## AIM OF THE EXERCISE
Reproduce the listing in full, pictures excluded.

## DATA
"""

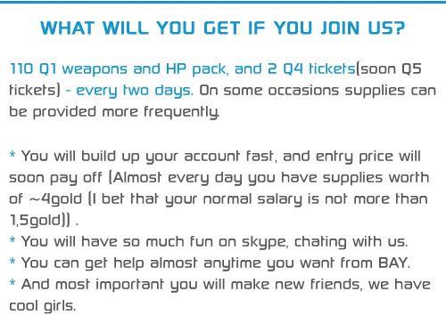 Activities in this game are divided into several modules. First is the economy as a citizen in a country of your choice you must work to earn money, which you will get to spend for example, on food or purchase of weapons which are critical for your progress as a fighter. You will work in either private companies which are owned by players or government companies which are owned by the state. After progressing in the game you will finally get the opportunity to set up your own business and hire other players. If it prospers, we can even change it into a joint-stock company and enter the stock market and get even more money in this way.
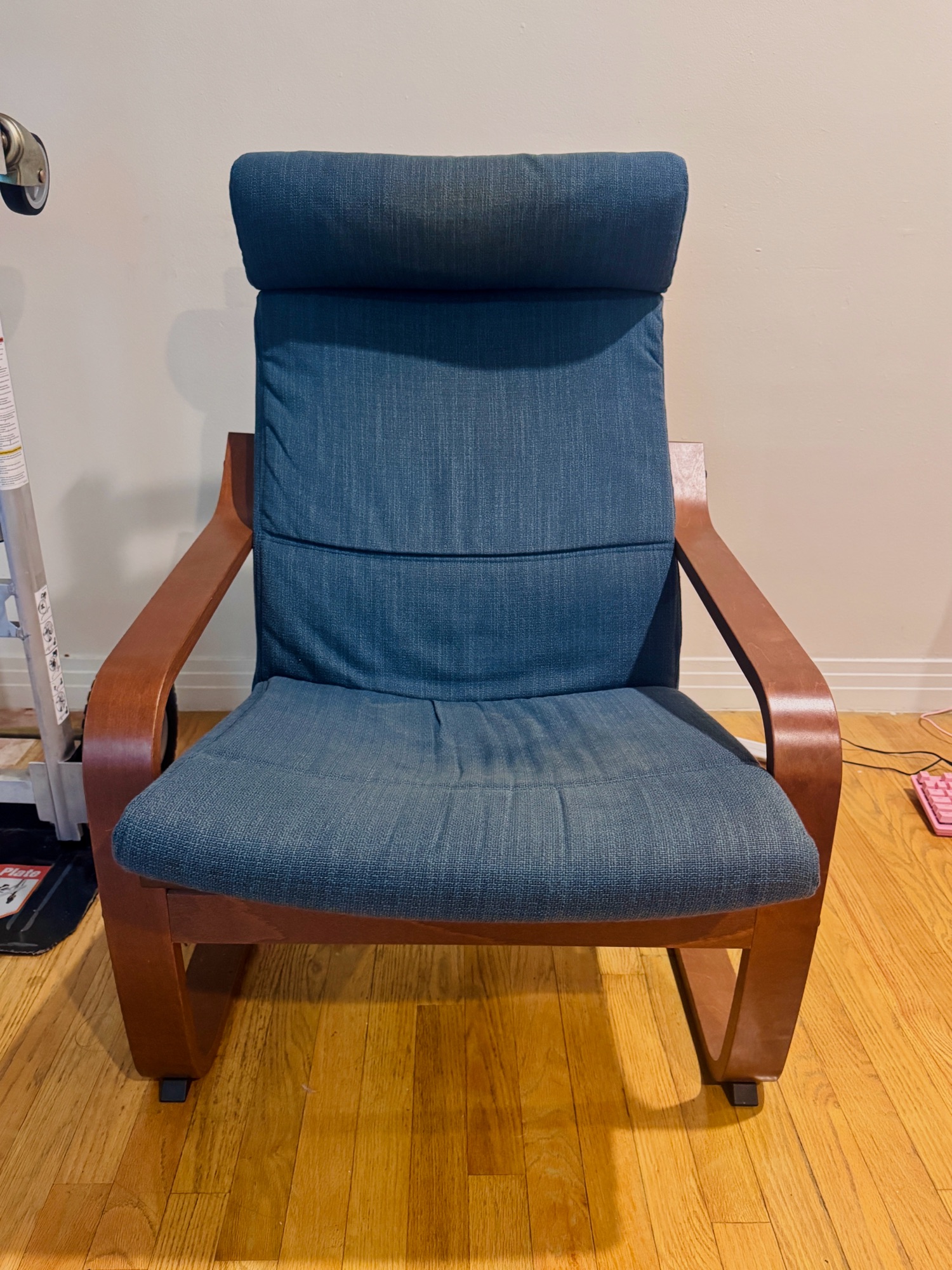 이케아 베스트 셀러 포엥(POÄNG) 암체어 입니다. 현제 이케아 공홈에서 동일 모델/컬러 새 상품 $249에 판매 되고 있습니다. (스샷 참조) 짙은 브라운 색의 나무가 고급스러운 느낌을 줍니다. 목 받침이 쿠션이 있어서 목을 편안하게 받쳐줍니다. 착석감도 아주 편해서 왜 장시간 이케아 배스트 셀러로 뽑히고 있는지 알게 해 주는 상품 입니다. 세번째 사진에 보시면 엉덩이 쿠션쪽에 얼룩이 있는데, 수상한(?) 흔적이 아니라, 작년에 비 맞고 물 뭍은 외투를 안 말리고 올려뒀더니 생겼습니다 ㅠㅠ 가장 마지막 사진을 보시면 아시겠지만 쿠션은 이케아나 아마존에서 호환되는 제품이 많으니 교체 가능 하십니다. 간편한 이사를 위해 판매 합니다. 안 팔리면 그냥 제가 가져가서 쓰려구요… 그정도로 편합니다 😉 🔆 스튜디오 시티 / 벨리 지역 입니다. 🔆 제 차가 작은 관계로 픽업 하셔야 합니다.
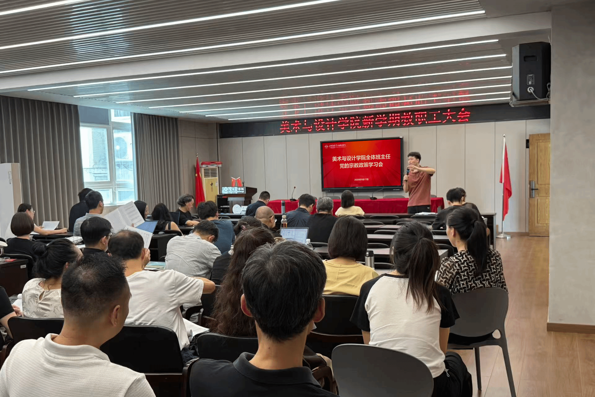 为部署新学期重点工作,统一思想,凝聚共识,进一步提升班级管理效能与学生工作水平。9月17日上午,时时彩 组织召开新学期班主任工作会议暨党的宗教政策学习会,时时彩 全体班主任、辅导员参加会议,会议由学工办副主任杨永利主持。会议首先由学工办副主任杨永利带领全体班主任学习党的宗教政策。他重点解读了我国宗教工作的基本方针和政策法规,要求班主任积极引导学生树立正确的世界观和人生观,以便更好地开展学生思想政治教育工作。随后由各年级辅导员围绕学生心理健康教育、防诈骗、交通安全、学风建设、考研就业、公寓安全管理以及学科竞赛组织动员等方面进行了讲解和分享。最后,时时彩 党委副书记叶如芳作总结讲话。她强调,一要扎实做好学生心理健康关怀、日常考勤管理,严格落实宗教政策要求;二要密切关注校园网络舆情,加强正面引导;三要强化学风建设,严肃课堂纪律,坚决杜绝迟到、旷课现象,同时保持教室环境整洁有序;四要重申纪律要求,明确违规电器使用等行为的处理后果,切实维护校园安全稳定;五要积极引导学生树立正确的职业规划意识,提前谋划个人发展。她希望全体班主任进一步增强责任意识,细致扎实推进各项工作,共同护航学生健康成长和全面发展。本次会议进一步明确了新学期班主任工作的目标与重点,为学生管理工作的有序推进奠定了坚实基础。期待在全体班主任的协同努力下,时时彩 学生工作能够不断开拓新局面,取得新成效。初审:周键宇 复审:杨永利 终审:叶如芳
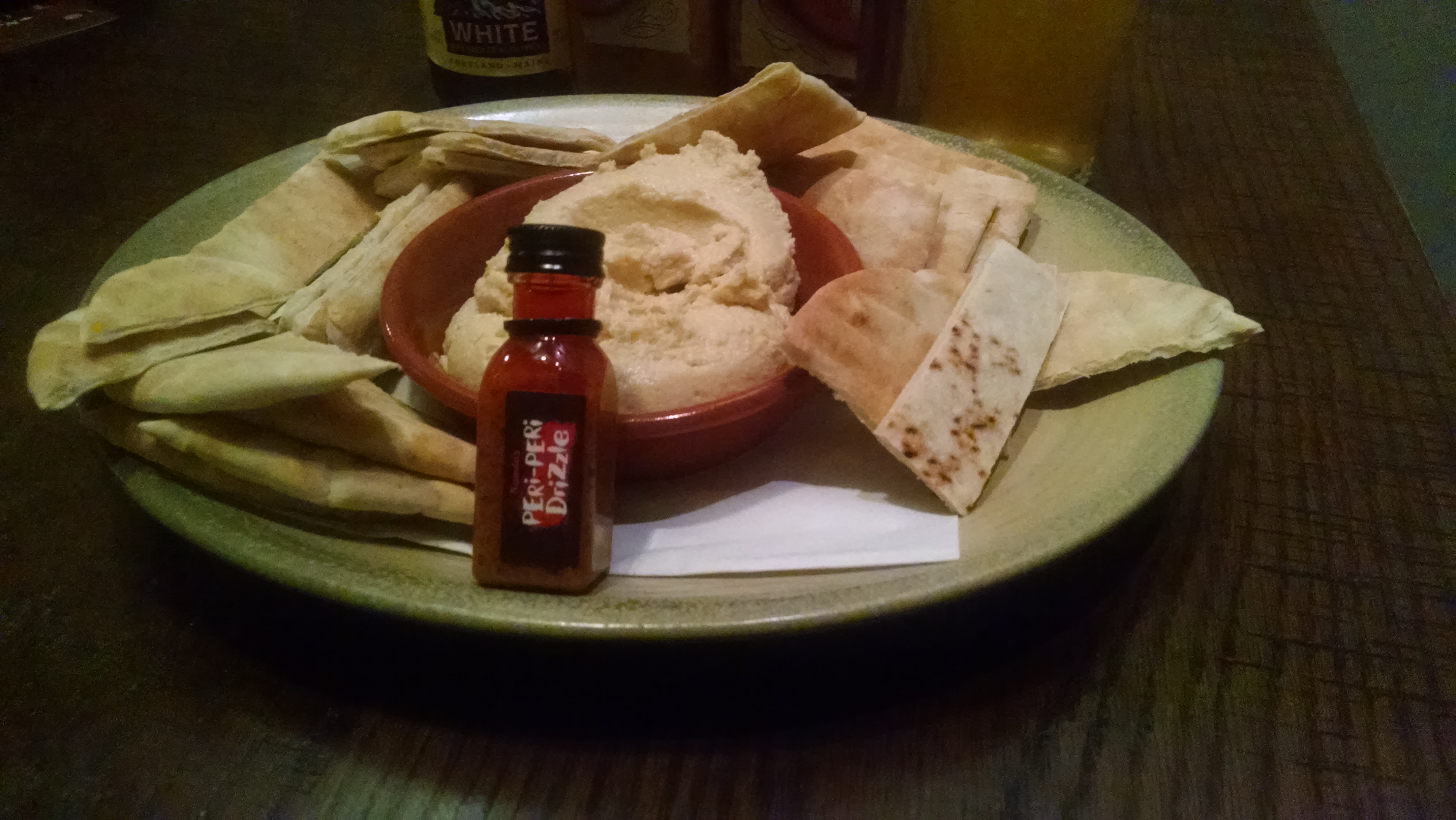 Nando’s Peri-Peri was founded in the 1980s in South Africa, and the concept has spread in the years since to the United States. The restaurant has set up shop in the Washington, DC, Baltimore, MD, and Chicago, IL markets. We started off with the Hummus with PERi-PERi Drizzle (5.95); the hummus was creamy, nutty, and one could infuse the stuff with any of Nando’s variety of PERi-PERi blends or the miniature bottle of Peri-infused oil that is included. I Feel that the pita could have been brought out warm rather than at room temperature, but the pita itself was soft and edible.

"""

## TASK OUTPUT
 Activities in this game are divided into several modules. First is the economy as a citizen in a country of your choice you must work to earn money, which you will get to spend for example, on food or purchase of weapons which are critical for your progress as a fighter. You will work in either private companies which are owned by players or government companies which are owned by the state. After progressing in the game you will finally get the opportunity to set up your own business and hire other players. If it prospers, we can even change it into a joint-stock company and enter the stock market and get even more money in this way.
 이케아 베스트 셀러 포엥(POÄNG) 암체어 입니다. 현제 이케아 공홈에서 동일 모델/컬러 새 상품 $249에 판매 되고 있습니다. (스샷 참조) 짙은 브라운 색의 나무가 고급스러운 느낌을 줍니다. 목 받침이 쿠션이 있어서 목을 편안하게 받쳐줍니다. 착석감도 아주 편해서 왜 장시간 이케아 배스트 셀러로 뽑히고 있는지 알게 해 주는 상품 입니다. 세번째 사진에 보시면 엉덩이 쿠션쪽에 얼룩이 있는데, 수상한(?) 흔적이 아니라, 작년에 비 맞고 물 뭍은 외투를 안 말리고 올려뒀더니 생겼습니다 ㅠㅠ 가장 마지막 사진을 보시면 아시겠지만 쿠션은 이케아나 아마존에서 호환되는 제품이 많으니 교체 가능 하십니다. 간편한 이사를 위해 판매 합니다. 안 팔리면 그냥 제가 가져가서 쓰려구요… 그정도로 편합니다 😉 🔆 스튜디오 시티 / 벨리 지역 입니다. 🔆 제 차가 작은 관계로 픽업 하셔야 합니다.
 为部署新学期重点工作,统一思想,凝聚共识,进一步提升班级管理效能与学生工作水平。9月17日上午,时时彩 组织召开新学期班主任工作会议暨党的宗教政策学习会,时时彩 全体班主任、辅导员参加会议,会议由学工办副主任杨永利主持。会议首先由学工办副主任杨永利带领全体班主任学习党的宗教政策。他重点解读了我国宗教工作的基本方针和政策法规,要求班主任积极引导学生树立正确的世界观和人生观,以便更好地开展学生思想政治教育工作。随后由各年级辅导员围绕学生心理健康教育、防诈骗、交通安全、学风建设、考研就业、公寓安全管理以及学科竞赛组织动员等方面进行了讲解和分享。最后,时时彩 党委副书记叶如芳作总结讲话。她强调,一要扎实做好学生心理健康关怀、日常考勤管理,严格落实宗教政策要求;二要密切关注校园网络舆情,加强正面引导;三要强化学风建设,严肃课堂纪律,坚决杜绝迟到、旷课现象,同时保持教室环境整洁有序;四要重申纪律要求,明确违规电器使用等行为的处理后果,切实维护校园安全稳定;五要积极引导学生树立正确的职业规划意识,提前谋划个人发展。她希望全体班主任进一步增强责任意识,细致扎实推进各项工作,共同护航学生健康成长和全面发展。本次会议进一步明确了新学期班主任工作的目标与重点,为学生管理工作的有序推进奠定了坚实基础。期待在全体班主任的协同努力下,时时彩 学生工作能够不断开拓新局面,取得新成效。初审:周键宇 复审:杨永利 终审:叶如芳
 Nando’s Peri-Peri was founded in the 1980s in South Africa, and the concept has spread in the years since to the United States. The restaurant has set up shop in the Washington, DC, Baltimore, MD, and Chicago, IL markets. We started off with the Hummus with PERi-PERi Drizzle (5.95); the hummus was creamy, nutty, and one could infuse the stuff with any of Nando’s variety of PERi-PERi blends or the miniature bottle of Peri-infused oil that is included. I Feel that the pita could have been brought out warm rather than at room temperature, but the pita itself was soft and edible.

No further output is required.